- What the task requires -
From the listing below, reproduce exactly the lines starting with the one with "Sau đó tiếp" and going on through the one with "地质灾害预防与勘探区则采用图", both ends kept. No picture is copied.

- Exercise material -

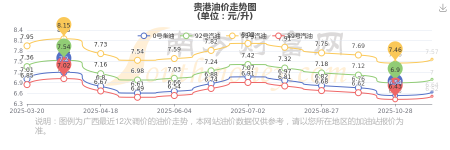 11月12日,貴港汽油、柴油每升的價格是多少?本次油價調(diào)整時間是11月11日,92號汽油為7元,上升了0.1元,上升幅達1.45%;95號汽油為7.57元,上升了0.11元,上升幅達1.48%;89號汽油為6.52元,上升了0.09元,上升幅達1.4%;0號柴油為6.64元,上升了0.1元,上升幅達1.53%。
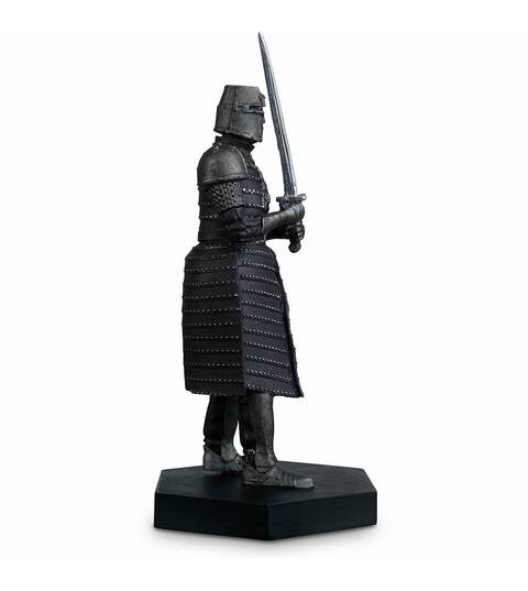 Cette figurine artisanale a été coulée dans une résine métallique spécialement formulée et peinte à la main, et montre l'un des shérifs de l'armée de Nottingham portant une armure du XIIe siècle avec l'emblème du shérif au centre de la poitrine, et il tient une épée dans son mains.
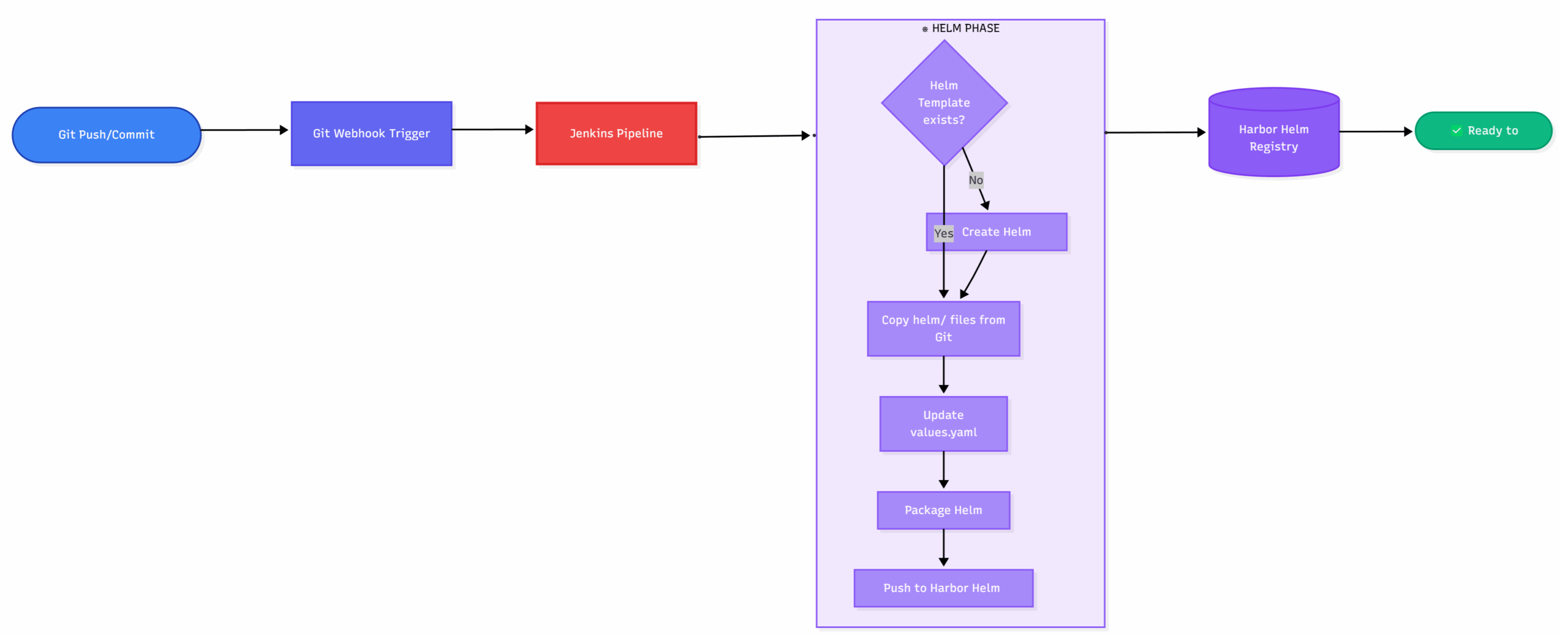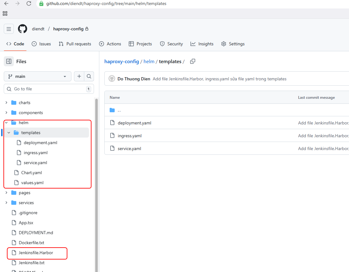 Sau đó tiếp tục tạo Helm Template nếu chưa có -> và tiến hành đưa các nội dung của template dành riêng cho dự án từ thư mục helm ở trên git đưa vào values và template -> Đóng gói helm lại -> Push lên Helm Harbor Registry.
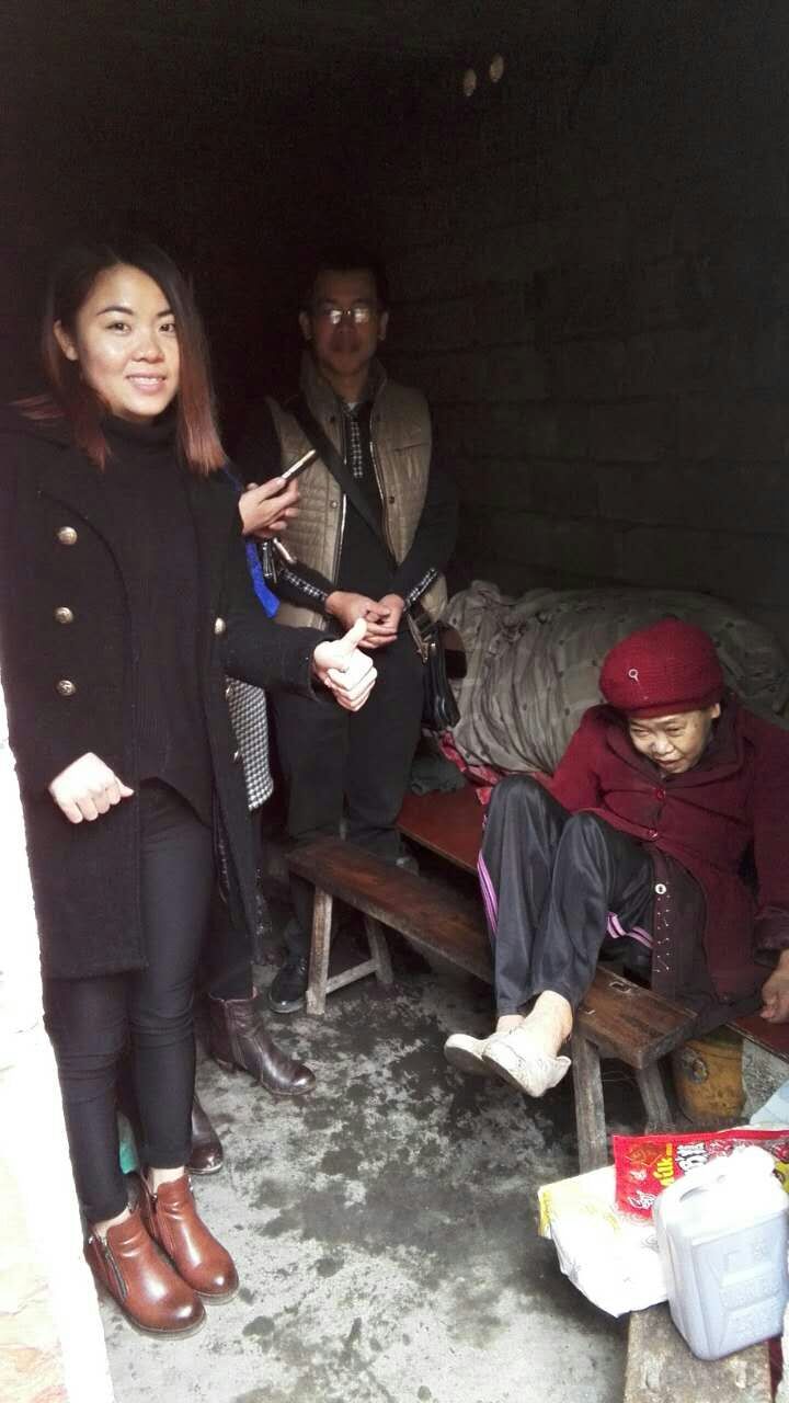 探访望夫民乐了塘村自强儿童李福喜,左为他婶.右为我们的队友
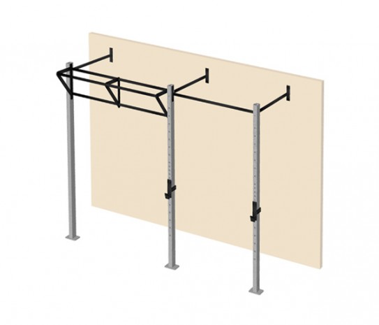 Компактная конструкция кроссфит-станции надежно крепится к стене, что позволяет проводить тренировки любой интенсивности.
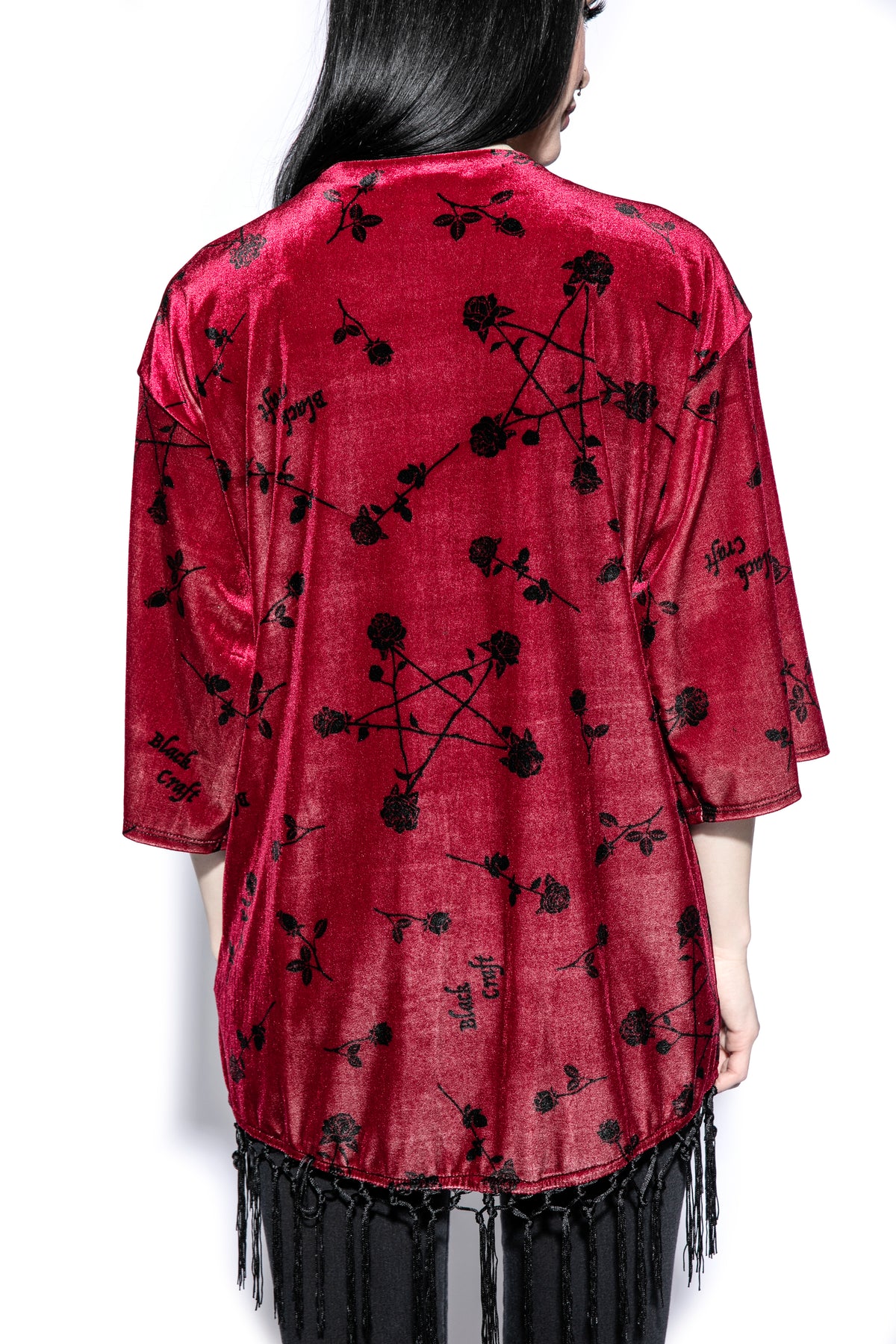 A flowy oversized kimono designed in ultra soft velvet. With a fringed trim and an open front. The perfect lightweight layer.
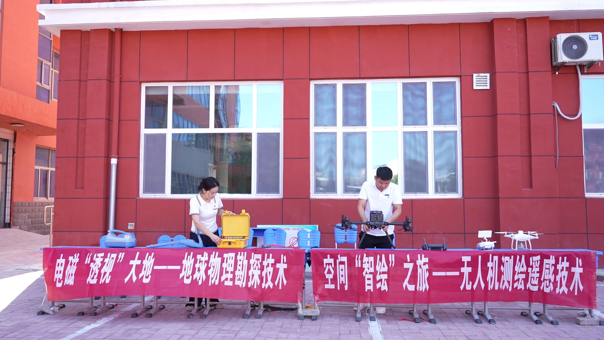 地质灾害预防与勘探区则采用图文展板解读、现场演示等丰富形式展现科技内容。徐晓文老师系统普及了地震、滑坡、泥石流等地质灾害的预警要点与自救互救技巧。魏娜老师则聚焦管线探测仪与高密度电法仪两款地质勘探设备,普及地下空间勘探知识。
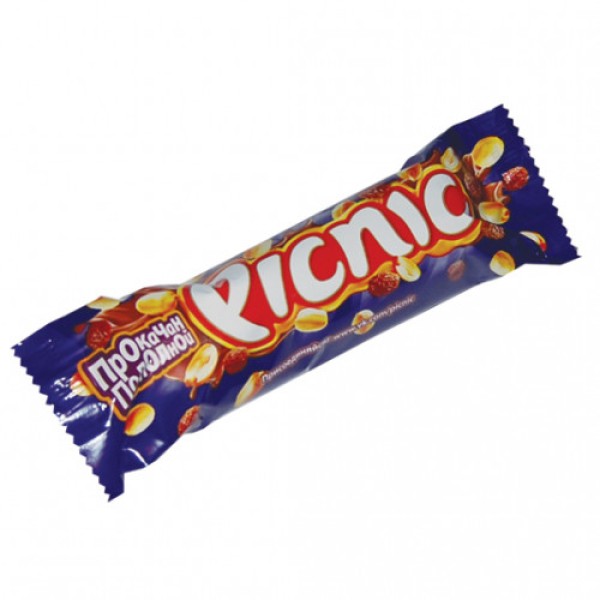 Шоколад PICNIC с арахисом и карамелью, 38 г – вкусный и оригинальный батончик, который содержит взрывную смесь арахиса, сладкого изюма, нежного воздушного риса, а внутри начинен хрустящими вафельками, проложенными мягкой карамелью. Все это полито молочным нежным шоколадом. PICNIC с арахисом и карамелью станет отличным десертом для вашего чаепития. Возьмите батончик в офис или в дорогу, чтобы перекусить и утолить голод. Его натуральный состав без красителей и вредных консервантов также не содержит ГМО и совершенно безопасен. Купить шоколад PICNIC с арахисом и карамелью, 38 г можно в Москве в торговом центре METRO.Производитель: ООО Дирол кэдбери, Россия.Состав: молочный шоколад 39%(сахар, какао масло(9,36%), молоко сухое цельное, какао тертое, сухая молочная сыворотка, молочный жир, эмульгаторы (соевый лецитин, Е476), ароматизатор ванилин идентичный натуральному, сахар, арахис(12,03%), воздушный рис (рисовая мука, сахар, экстракт ячменно- солодовый, пальмовое масло, соль), растительный жир (пальмовый), мука пшеничная, патока карамельная(кукурузная), сухая молочная сыворотка, соль, загуститель (Е 422), эмульгаторы (соевый лецитин, Е471), соль, соевое масло, ароматизаторы идентичные натуральным (карамельный, арахисовый, ванилин), карбонат натрия.Пищевая ценность: белки – 7,4 г, жиры – 28,8 г, углеводы – 56,6 г.Энергетическая ценность: 504 ккал.Срок годности: 9 месяцев.Условия хранения: при температуре от 16°С до 21°С и относительной влажности воздуха не более 75%.ГОСТ ТУ 9123-002-45257475-03.
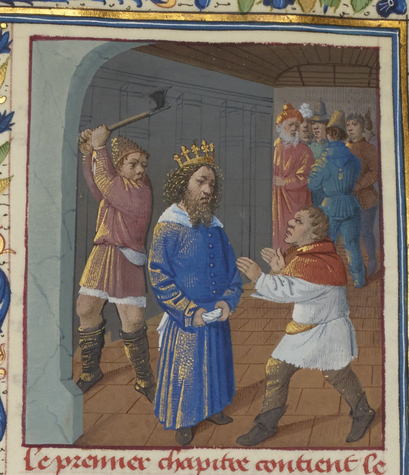 Parigi, Bibliothèque Nationale de France, Fr. 227, f. 79r. Lucio Tarquinio Prisco viene ucciso dai figli di Anco Marzio.
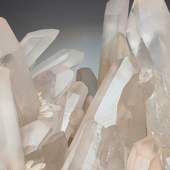 Die feine roséfarbene Nuance entsteht durch minimale mineralische Einlagerungen im Kristallgitter. Diese geben dem Quarz seinen sanften, warmen Schimmer und machen jedes Stück zu einem Unikat.
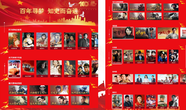 庆祝建党百年优秀电影、电视剧展播涵盖《中国1945重庆风云》、《圣天门口》、《怒放》等聚焦建党核心事件的剧集,《温州三家人》、《大潮如歌》等唱响奋斗强音的剧集,以及《董存瑞》、《铁道卫士》、《狼牙山五壮士》、《地道战》等红色经典电影。

- Answer to this exercise -
 Sau đó tiếp tục tạo Helm Template nếu chưa có -> và tiến hành đưa các nội dung của template dành riêng cho dự án từ thư mục helm ở trên git đưa vào values và template -> Đóng gói helm lại -> Push lên Helm Harbor Registry.
 探访望夫民乐了塘村自强儿童李福喜,左为他婶.右为我们的队友
 Компактная конструкция кроссфит-станции надежно крепится к стене, что позволяет проводить тренировки любой интенсивности.
 A flowy oversized kimono designed in ultra soft velvet. With a fringed trim and an open front. The perfect lightweight layer.
 地质灾害预防与勘探区则采用图文展板解读、现场演示等丰富形式展现科技内容。徐晓文老师系统普及了地震、滑坡、泥石流等地质灾害的预警要点与自救互救技巧。魏娜老师则聚焦管线探测仪与高密度电法仪两款地质勘探设备,普及地下空间勘探知识。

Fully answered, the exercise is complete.